O vice-presidente Geraldo Alckmin confirmou que o governo prepara o decreto e que ele deverá ser encaminhado para análise da Casa Civil nos próximos dias, segundo interlocutores envolvidos nas negociações.

Parlamentares e representantes do setor defendem um envio mais célere do texto, diante da possibilidade de que a Câmara coloque o acordo em votação já nesta semana.

O gatilho de 5% e os produtos mais expostos

A principal mudança na versão aprovada pelo Parlamento Europeu estabelece que, se as importações de um produto agrícola considerado sensível crescerem 5%, na média de três anos, a União Europeia poderá abrir investigação para avaliar eventual suspensão dos benefícios tarifários.

Na proposta original da Comissão Europeia, o gatilho era de 10%, o que levou a preocupações de produtores brasileiros sobre perda de competitividade e maior exposição das exportações.

O presidente da FPA, deputado Pedro Lupion, destacou o risco imediato caso outros parlamentos aprovem o texto provisório, porque, segundo ele, “qualquer parlamento aprovando, como é o caso da Argentina, que já aprovou na Câmara , tem que ir pro Senado agora, a União Europeia pode aplicar.
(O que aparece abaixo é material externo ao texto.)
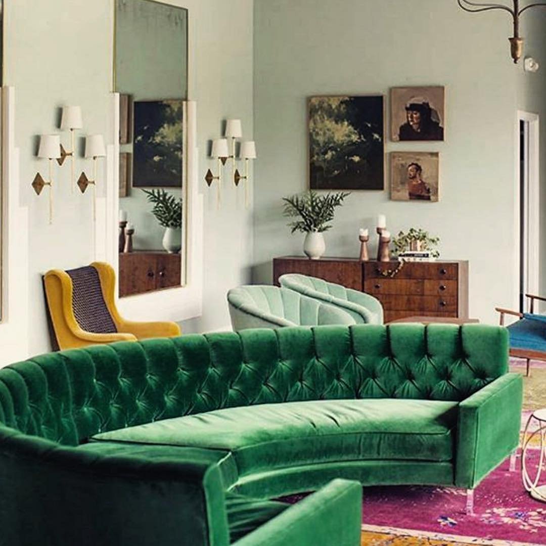 Изумрудный диван в интерьере

E se não tiver nenhum tipo de salvaguarda, passando dos 5% eles podem abrir uma investigação.”

Lupion também alertou para crescimentos anuais de exportações que superam o novo limite, citando dados de 2024 para 2025: “Colocar uma régua de 5% no crescimento das exportações do agro brasileiro gera um impedimento muito claro. Se formos analisar alguns produtos que têm sido objeto de estudo entre 2024 e 2025, só o milho teve aumento de 95% de um ano para o outro. A carne bovina, 75%; o açúcar, 73%. São vários os produtos que ultrapassam os 5% e que não podem simplesmente ser impedidos. Num acordo de livre comércio, não dá para um lado ganhar e o outro perder”, disse.
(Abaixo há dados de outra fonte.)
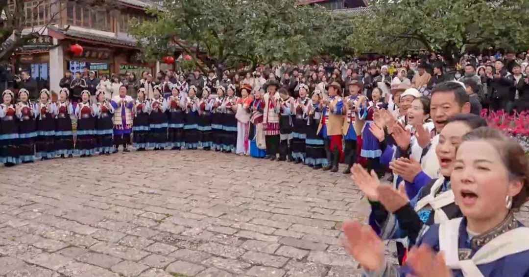 3月19日,云南麗江古城各族群眾熱情歡迎習近平總書記。
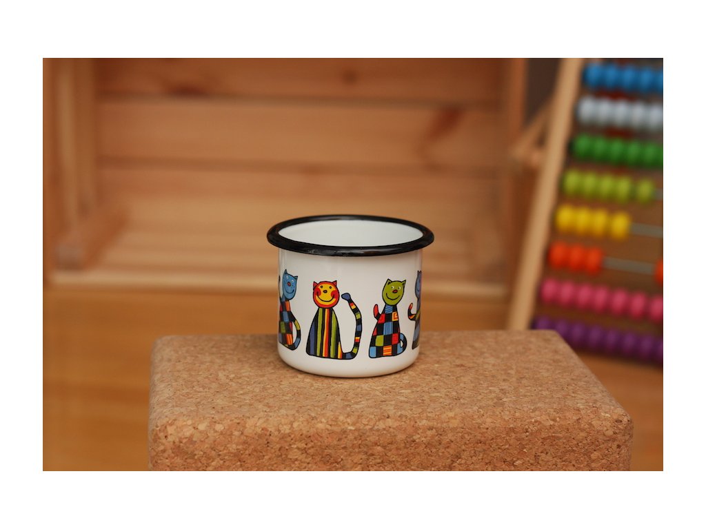 Originální smaltovaný hrnek - bílý plecháček s motivem veselých koček je vhodný jako originální dárek pro všechny milovníky kočiček. Smaltovaný plecháček je skvělým společníkem i na dobrodružné cyklistické výpravy do hor i na vodu, pod stan i na tábor.

Posição do governo e calendário da votação

O relator na Câmara, Marcos Pereira, afirmou que o texto do acordo não deve ser alterado, porque, na sua avaliação, “acordos internacionais o parlamento ratifica ou não ratifica.”
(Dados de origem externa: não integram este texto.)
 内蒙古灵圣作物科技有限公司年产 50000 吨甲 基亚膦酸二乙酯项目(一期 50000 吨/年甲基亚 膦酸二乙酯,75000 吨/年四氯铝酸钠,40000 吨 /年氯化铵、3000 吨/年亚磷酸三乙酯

Ao mesmo tempo, Pereira disse que fará recomendações fruto de articulações com setores interessados, e que haverá diálogo com o Executivo para avaliar medidas complementares, como o decreto de salvaguardas solicitado pelo agro.

O presidente da Câmara, Hugo Motta, pretende pautar a matéria ainda nesta semana, com previsão de votação até quinta-feira, 26, segundo integrantes envolvidos nas negociações.

Consequências e próximos passos

Se a Câmara aprovar o acordo e outros países do bloco aplicarem imediatamente as novas regras, o setor brasileiro teme ficar exposto sem mecanismos equivalentes de proteção, o que pode afetar preços e participação de mercado.

O governo e parlamentares afirmam que há tempo curto para costurar um decreto que atenda às demandas do agronegócio, e o que está em jogo é a velocidade com que medidas de salvaguarda poderão entrar em vigor, caso as importações cresçam acima do limite definido pela UE.

Nos próximos dias, reunião entre o vice-presidente, o relator e líderes do setor deve tentar alinhar texto e calendário, enquanto produtores acompanham a tramitação com preocupação sobre impactos imediatos nas exportações.